Automate medical record digitization with Amazon Bedrock Data Automation and AWS HealthLake

Post Syndicated from Gerardo Alarcon Rivas original https://aws.amazon.com/blogs/architecture/automate-medical-record-digitization-with-amazon-bedrock-data-automation-and-aws-healthlake/

Healthcare providers manage millions of paper medical records that remain disconnected from modern clinical systems. Clinicians make decisions without full patient histories, organizations spend millions on manual data entry, and critical information stays trapped in formats that modern applications can’t read. The technical challenge is clear: how do you transform unstructured, scanned documents into standardized, interoperable health data at scale, without building custom machine learning (ML) models or hand-coding document parsers for every form type.

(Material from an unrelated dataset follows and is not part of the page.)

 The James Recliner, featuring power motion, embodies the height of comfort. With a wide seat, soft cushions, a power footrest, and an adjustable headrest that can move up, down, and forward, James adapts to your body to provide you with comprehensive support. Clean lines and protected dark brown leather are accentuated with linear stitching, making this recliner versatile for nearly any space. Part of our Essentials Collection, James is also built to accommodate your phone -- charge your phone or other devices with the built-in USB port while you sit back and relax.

In this post, you learn how to build an automated, serverless pipeline that converts scanned PDF medical records into FHIR R4-compliant data using Amazon Bedrock Data Automation and AWS HealthLake. We walk through the architecture, explain how each AWS service connects to the next, show you what the pipeline looks like when it runs, and get you deployed in under 20 minutes. For advanced configuration, troubleshooting, and customization options, see the GitHub repository.

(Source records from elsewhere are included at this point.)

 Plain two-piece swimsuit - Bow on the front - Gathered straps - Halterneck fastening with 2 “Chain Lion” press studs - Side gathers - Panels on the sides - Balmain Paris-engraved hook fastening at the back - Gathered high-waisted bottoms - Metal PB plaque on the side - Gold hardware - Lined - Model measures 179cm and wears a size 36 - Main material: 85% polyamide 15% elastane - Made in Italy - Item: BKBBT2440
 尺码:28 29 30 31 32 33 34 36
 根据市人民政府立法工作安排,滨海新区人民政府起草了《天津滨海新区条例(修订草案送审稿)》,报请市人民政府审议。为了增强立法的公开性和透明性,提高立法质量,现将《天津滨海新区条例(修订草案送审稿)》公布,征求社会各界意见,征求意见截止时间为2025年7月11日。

The challenge with paper medical records

Healthcare organizations face a compounding problem. Paper records don’t only create storage challenges, they create care gaps. When a patient arrives at a new facility, clinicians often proceed with incomplete information because retrieving and interpreting historical records takes too long. Manual digitization is expensive, error-prone, and doesn’t scale.

The solution requires more than scanning documents. It requires extracting structured, clinically meaningful data and storing it in a format that integrates with existing systems. That’s where Fast Healthcare Interoperability Resources (FHIR) comes in. FHIR is the healthcare industry’s standard for exchanging electronic health information.

Solution overview

This solution uses an event-driven, serverless architecture to automate the full journey from PDF upload to queryable FHIR data. No custom machine learning models or manual template configuration are required.

AWS services used:

  • Amazon Bedrock Data Automation (BDA): Extracts over 50 structured clinical fields from scanned PDFs using advanced AI capabilities, including patient demographics, diagnoses with ICD-10 codes, medications, vital signs, and lab results.
  • AWS Lambda: Two serverless functions orchestrate the pipeline: a BDA Trigger function that fires when a PDF is uploaded, and a FHIR Processor function that converts extracted JSON into FHIR R4 format.
  • Amazon Simple Storage Service (Amazon S3): Input and output buckets with event notifications drive the pipeline automatically, with no polling or scheduled jobs required.
  • AWS HealthLake: A FHIR R4-compliant, HIPAA-eligible data store that validates, indexes, and exposes data through standard FHIR API endpoints.
  • AWS CloudFormation: Provisions the entire infrastructure as code in a single automated deployment (approximately 15–20 minutes).
  • Amazon CloudWatch and AWS CloudTrail: Provide end-to-end monitoring, logging, and audit trails across all pipeline components.
  • AWS Key Management Service (AWS KMS): Encrypts AWS HealthLake data at rest using customer managed keys.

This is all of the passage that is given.